Now, the Disney lawyers also tried to argue that the Disney+ EULA would actually (at least plausibly) be relevant. That is more than a bit of a stretch, especially for a free trial from years ago, and I'd be surprised (but IANAL) if such a theory would actually hold up in court. Still, on a spectrum from "person died due to maintenance failure on a Magic Kingdom ride" to "person died from going to a restaurant featured on a Disney+ program", if you're arguing that the Disney+ EULA is relevant, this is a whole lot closer to the latter than the former.
It's my belief the Disney+ EULA claim was just the lawyers doing the "throw everything at the wall and see what sticks" shtick (no pun intended). They knew it was likely to not hold up, but tried it anyway because, if it did, it helps future claims.
>Disney's position was nowhere near as unreasonable as everyone understands it to be.
>Now, the Disney lawyers also tried to argue that the Disney+ EULA would actually (at least plausibly) be relevant.
Well, you know, they also could have not done _that_. With it they deserve all the flak that they've got and more, simply because they resorted to a scummy tactic, whatever the reason.
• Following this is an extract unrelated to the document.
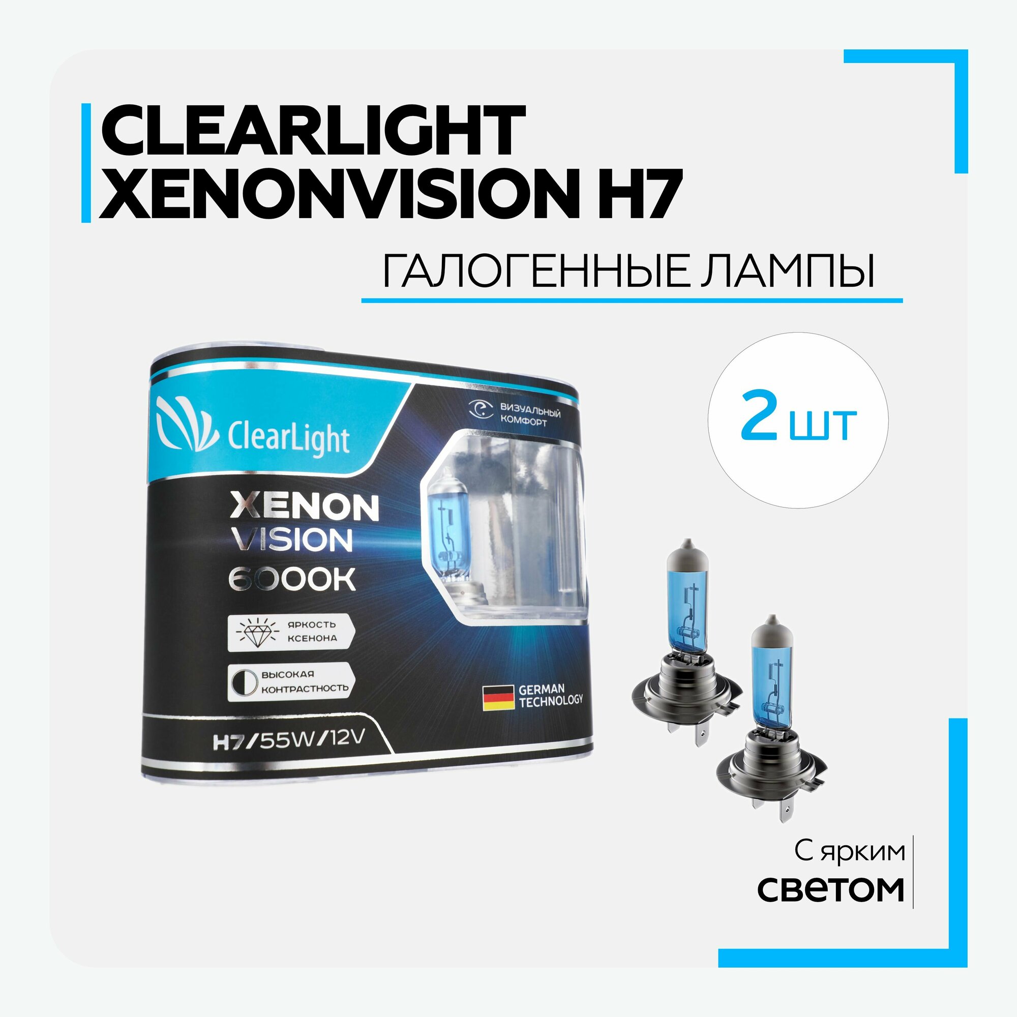 Лампа галогенная CLEARLIGHT XENONVISION 12V H7 55W 2 шт MLH7XV

Except that the theme park did present the restaurant as being part of the park, which makes it quite reasonable to hold the theme park responsible financially for the entire debacle.
If a chainsaw juggler on a cruise ship cuts my dad in half while he's sleeping on his deck chair, "That entertainer was not a direct employee of Royal Caribbean" will hold exactly zero water in determining liability.
There are very substantial differences between your chainsaw juggler scenario and the Disney one. Notably, the cruise ship is access controlled and your dad didn't actively engage with the chainsaw juggler.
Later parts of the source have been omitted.